Our paper “De novo origins of multicellularity in response to predation” is #2 on Scientific Reports Top 100 list of most downloaded articles of 2019, with 164k accesses.
EDIT April 1, 2020: updated link and slightly revised abstract to the new version
I have posted a new preprint to the PhilSci Archive:
The ‘Major Transitions in Evolution’ (MTE) framework has emerged as the dominant paradigm for understanding the origins of life’s hierarchical organization, but it has been criticized on the grounds that it lacks theoretical unity, that is, that the events that make up the category do not constitute a natural kind. I agree with this criticism, and I argue that the best response is to modify the category so that it does approximate a natural kind. Specifically, I recommend defining major transitions as all those, and only those, events and processes that result in the emergence of a new level of selection. Two sorts of changes will be required to achieve this.

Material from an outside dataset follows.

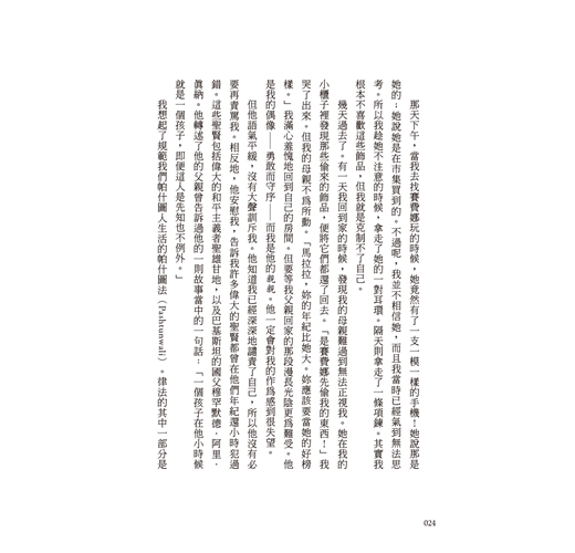 幾天過去了。有一天我回到家的時候,發現我的母親難過到無法正視我。她在我的小櫃子裡發現那些偷來的飾品,便將它們都還了回去。「是賽費娜先偷我的東西!」我哭了出來。但我的母親不為所動。「馬拉拉,妳的年紀比她大。妳應該要當她的好榜樣。」我滿心羞愧地回到自己的房間。但要等我父親回家的那段漫長光陰更為難受。他是我的偶像──勇敢而守序──而我是他的親親。他一定會對我的作為感到很失望。

First, events and processes that do not meet this criterion, such as the origins of the genetic code and of human language, should be excluded. Second, events and processes that do meet the criterion, but which have generally been neglected, should be included. These changes would have the dual benefits of making MTEs a philosophically coherent category and of increasing the sample size on which we may infer trends and general principles that may apply to all MTEs.
I have started a stint as a rotating program officer at the National Science Foundation (Division of Environmental Biology, Evolutionary Processes Cluster). While I serve at NSF, I’ll be on a leave of absence from Georgia Tech, but I will visit periodically while my lab continues to operate.

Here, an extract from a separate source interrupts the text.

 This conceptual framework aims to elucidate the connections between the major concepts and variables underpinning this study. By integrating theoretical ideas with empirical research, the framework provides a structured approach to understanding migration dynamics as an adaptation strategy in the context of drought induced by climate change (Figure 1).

Postdoc Kimberly Chen has published a lay summary of our recent Scientific Reports paper, in which we showed that predation can drive the evolution of multicellularity in the green alga Chlamydomonas:
Multicellular life is one of the most astonishing wonders on Earth, but why and how does it arise in the first place, and at what cost? To help answer these questions, we exposed single-celled algae to predators and watched them evolve into multicellular life. Within a year, they had formed groups of cells to avoid being eaten – but at a price.

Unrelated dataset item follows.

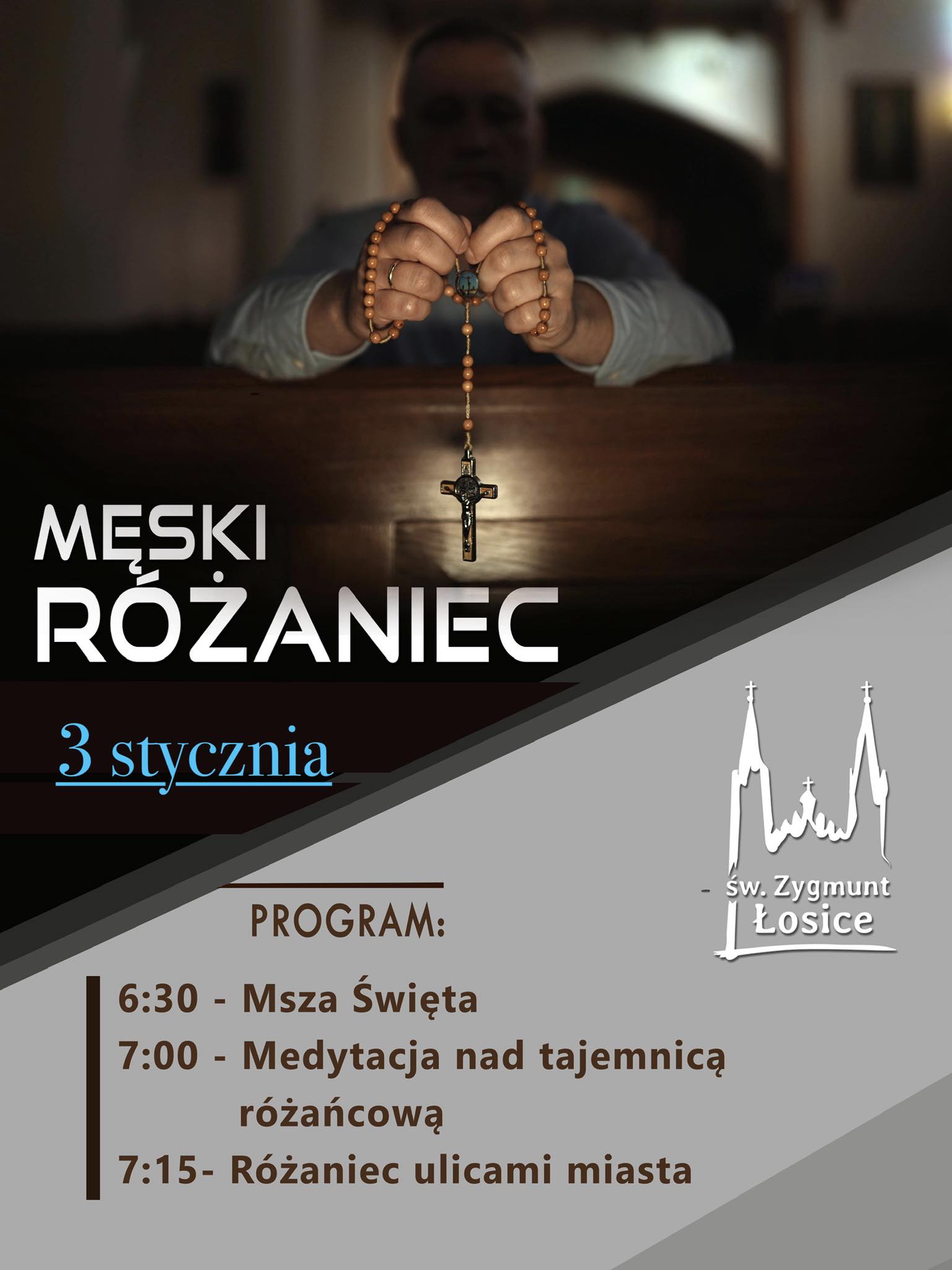 Męski Różanie przejdzie ulicami Łosic w sobotę, 3 stycznia. Spotkanie tradycyjne rozpocznie się od Mszy św. o godz. 6:30 w parafii św. Zygmunta Króla w Łosicach.

Chen, I-C. K. & M. D. Herron. 2019. Predators drive the evolution of multicellularity. The Science Breaker 257. doi: 10.25250/thescbr.brk257
The Project Outcomes Report for our recently ended NSF grant (known variously as DEB-1723293, DEB-1457701, and DEB-1456652) is now available on grants.gov:
Life comes in two forms: single-celled (organisms made up of only one cell) and multi-celled (organisms made up of many cells, alike or different). Multicellular life has evolved from unicellular ancestors many times across the tree of life, and the resulting radiations have transformed nearly every ecosystem on Earth. Ancestors of animals, plants, fungi, several groups of seaweeds, and filamentous bacteria underwent the transition from single- to multi-celled life in the deep past. While each of these origins is a replicate experiment with the potential to inform our understanding of how and why multicellular life evolved, the window through which we see these ancient events is blurry. Extinctions, subsequent evolution, and a spotty fossil record obscure our view. Experimental evolution enables us to time-travel, making it possible to clearly observe the evolution of multicellularity as it occurs in the lab. This project integrated experimental, bioinformatic, theoretical, and comparative approaches to understand how multicellularity and related traits have evolved, and how they can evolve.
A new paper describing the results of a yeast evolution experiment has been published in Evolution. Jordan Gulli exposed nascent multicellular “snowflake yeast” to an environment in which solitary multicellular clusters experienced low survival. In response, snowflake yeast evolved to form cooperative groups composed of thousands of multicellular clusters.